Lecturers must stand with students to preserve the right to protest
Three years ago today, parliament voted by a narrow margin to triple tuition fees and cut the educational maintenance allowance. Outside, thousands of students, lecturers and others gathered in the freezing cold to protest against everything the vote represented – the closing off of further and higher education to all but the rich and those prepared to take on thousands of pounds worth of debt for a job that might never come. Riot police charged horses into crowds, lashed out with batons to devastating effect and kettled hundreds for hours on Westminster Bridge. Dozens were later charged with serious public order offences, although juries thankfully didn’t buy it, acquitting 18 of the 19 who pleaded not guilty.
Three years later, we find the right to protest yet more eroded.

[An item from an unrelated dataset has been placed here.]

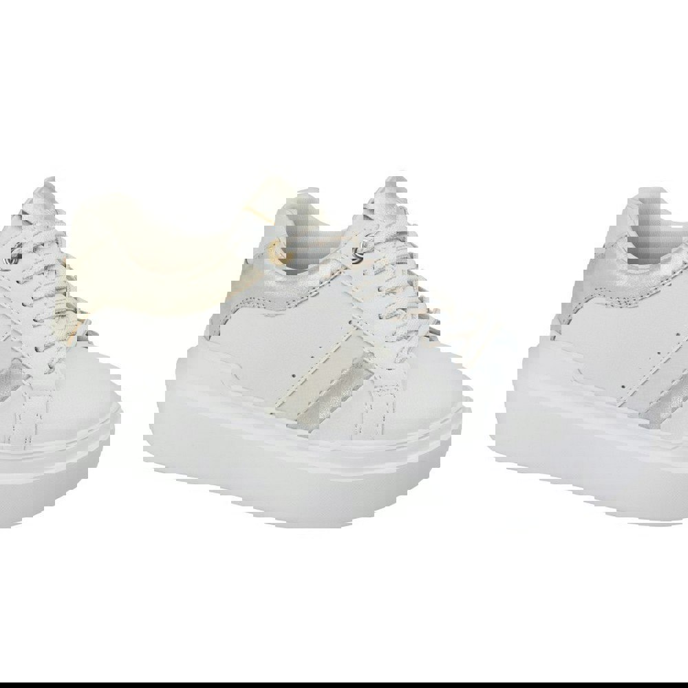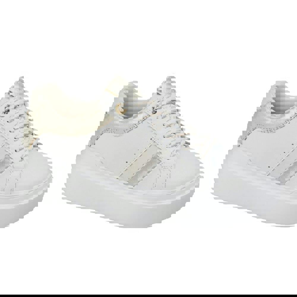 These lace-up platform trainers bring a clean, modern look with contrast detailing throughout. The upper is made from PU (polyurethane), paired with a textile lining and a textile sock insole for a consistent interior finish. A phylon outsole completes the construction, while perforated panels add texture to the design.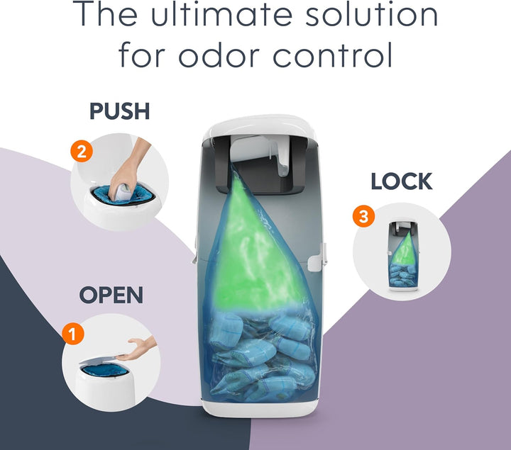 KEEP YOUR NURSERY SMELLING FRESH - holds up to 50 newborn diapers and has a Push N Lock clamp that helps prevent odors from escaping for ultimate odor control....

Following successful student actions in support of cleaning staff, “occupational-style protests” have recently been the subject of an injunction at the University of London, turning a civil matter criminal, and recent “Cops Off Campus” demos have seen a return of aggressive police tactics in the form of physical violence, kettling and mass police presence. The only thing the police seemed to have “learned” from last time was the short-term impact of mass arrests – as the 286 anti-fascist protesters arrested recently in Tower Hamlets will know. Protesters are loaded into police vans or specially commissioned buses, taken to police stations all over London and sometimes even outside the city, held for hours, released on police bail with ludicrous conditions (not to enter the city of Westminster, or to attend any protests, or to congregate in groups of four), then the charges are dropped many months down the line.